When was the last time you had a meaningful conversation with the important people in your life? These people could be your partner, your children, your team in the office, your boss anyone who you deem to be important. When I ask this question on courses, I notice the same reaction … the realisation that it was probably a long time ago. We live in at a fantastic age as far as technology is concerned. We are able to communicate with each other in so many different ways, ways that belonged to the realms of science fiction only a few short years ago. But, with tools such as smart phones and laptop computers we have less face to face conversations and this I believe is at the root of our relationship problems.
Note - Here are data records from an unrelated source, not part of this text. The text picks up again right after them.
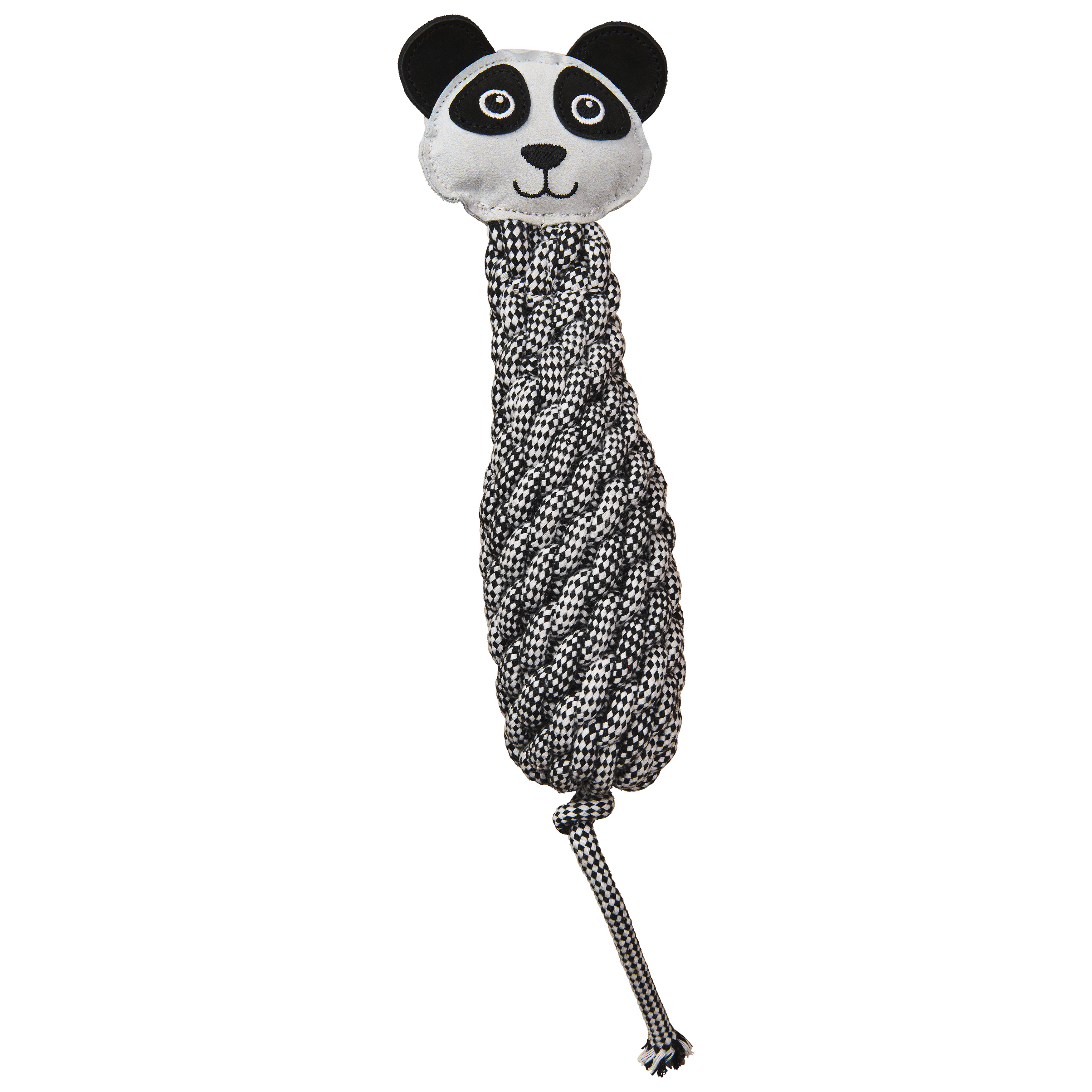 Dura-Fused Leather bottle Panda combines the durability of leather and rope with a fun water bottle. Super durable leather and jute fabric fused together for added strength. Squeak and crunch sounds satisfy the natural hunting instinct and provides interaction and stimulation. 16" tall and easy to pick up for a fun game of fetch.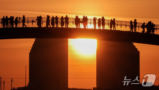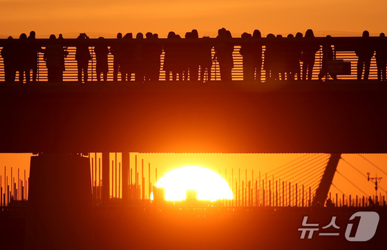 2026년 병오년(丙午年) 새해 첫 날인 1일 서울 영등포구 선유도공원 선유교에서 시민들이 첫 일출을 바라보고 있다. 2026.1.1/뉴스1 © News1 김성진 기자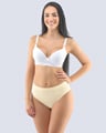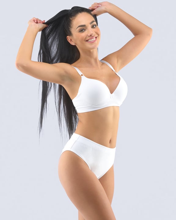 Dámské klasické kalhotky GINA 10285P jsou kalhotky klasického střihu, dámské šité prádlo. V pasovém kraji je zašitá širší pruženka. V nohavičkách je zašitá úzká pruženka. Kalhotky jsou jednobarevné.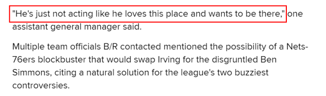 即便如此,欧文仍不愿意接种疫苗,这引起了圈内人士的猜测。一支球队的副总经理在接受B/R采访时说道:“他(欧文)并没有表现出自己爱这个地方,而且想要留下来。”B/R采访的多支球队高层,都提到了篮网和76人交易的潜在可能性,欧文和西蒙斯互换东家,对于两支身处舆论中心的球队来说,或许是最自然的解决方案。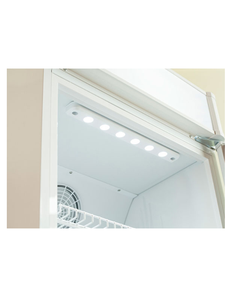 Il modello è stato progettato per essere una vetrina refrigerata per bevande affidabile e versatile, ideale per esporre e mantenere alla giusta temperatura qualsiasi tipo di bottiglia e lattina. Con una capacità di 350L, di colore bianco e con porta in vetro autochiudente, questo prodotto è equipaggiato con 5 ripiani regolabili, serratura, luce LED, luce LED e vetro temperato di sicurezza.

According to a UK Economic and Social Research Council report, in 2008 one in 4 people claimed they were unhappy with their partners. In 1987, this figure was one in 30. Equally alarming is the fact that 60% of all marriages today will end in divorce, the median duration of a marriage being only 7.2 years. These are worrying statistics and ones that are likely to get worse before they get better so the question is what is going wrong?
A colleague of mine once said, “At the root of any failed or broken relationship is a conversation that never took place!” I can vouch for this as the reason my first marriage came to an end was because I was busy working hard, pursuing my career with the intent of providing the best I could for my family while my ex wife was busy looking after our home and raising our kids. This was fine and noble to a degree; the only thing we forgot was to engage in meaningful and purposeful conversations. Eventually, when we did have the conversation we should have had several years before, it was too late, the damage had been done.
During these demanding and stressful times, it would be wise to keep a check on our important relationships. We should ensure that we do make time to have meaningful conversations with our partners, our children, our parents, our colleagues, etc. This will mean finding the time, however, time invested now will drastically reduce the chances of those relationships failing in the future.